» How to complete this task: In the records that follow, find the line containing "woods, AI generated" and the line containing "Camargo celebrará este", then transcribe both and every line between them exactly, omitting pictures.

» Records shown:

※

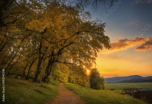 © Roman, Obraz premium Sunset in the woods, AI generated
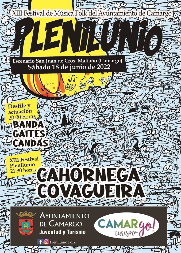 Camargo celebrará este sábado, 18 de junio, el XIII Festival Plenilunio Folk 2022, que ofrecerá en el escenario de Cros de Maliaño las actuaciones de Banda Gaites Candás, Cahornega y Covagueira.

※

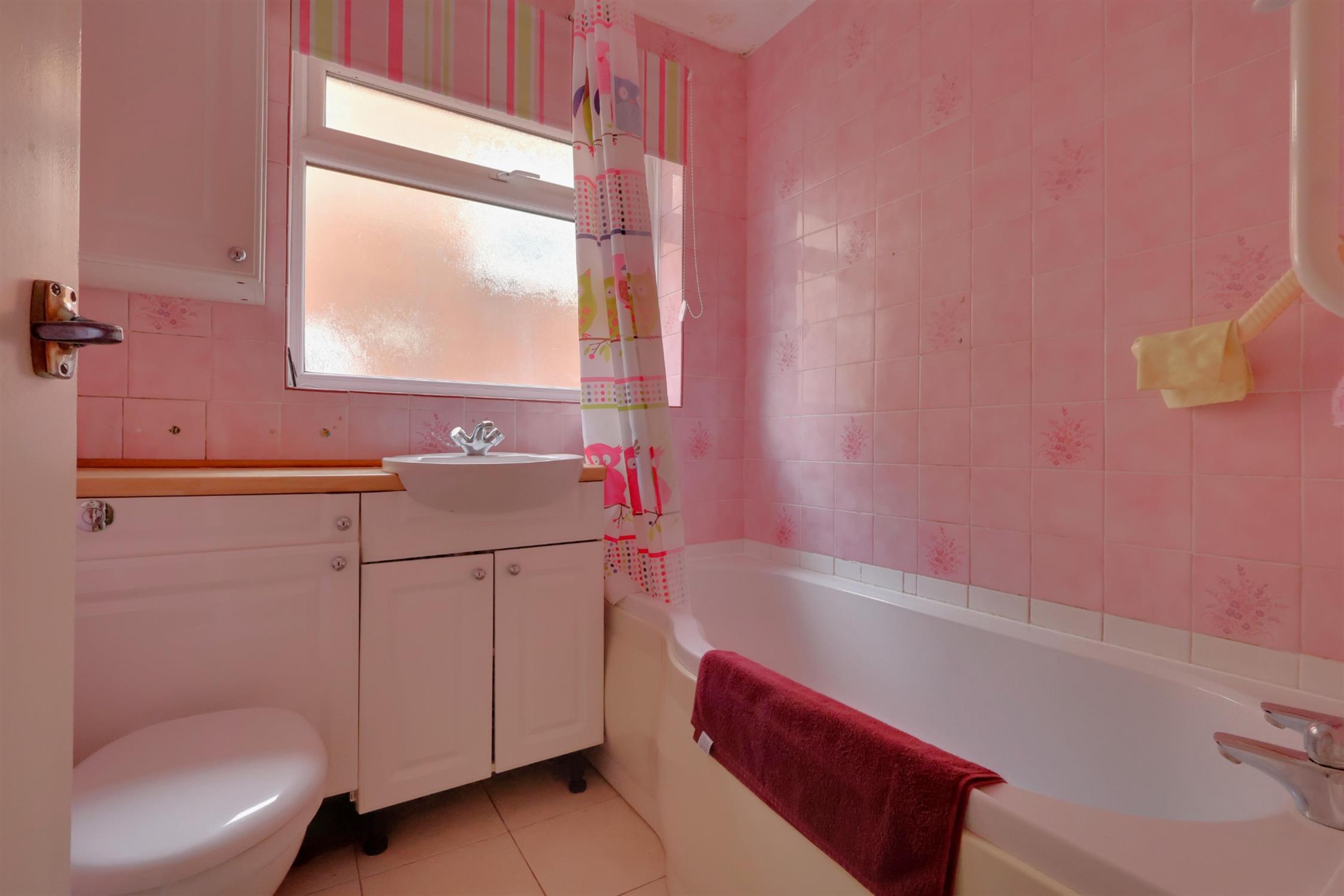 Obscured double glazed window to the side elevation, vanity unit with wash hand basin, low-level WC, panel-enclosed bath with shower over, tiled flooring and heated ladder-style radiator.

※

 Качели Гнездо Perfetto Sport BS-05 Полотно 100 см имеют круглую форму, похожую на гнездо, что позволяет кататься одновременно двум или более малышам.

※

» Response for this exercise:
 © Roman, Obraz premium Sunset in the woods, AI generated
 Camargo celebrará este sábado, 18 de junio, el XIII Festival Plenilunio Folk 2022, que ofrecerá en el escenario de Cros de Maliaño las actuaciones de Banda Gaites Candás, Cahornega y Covagueira.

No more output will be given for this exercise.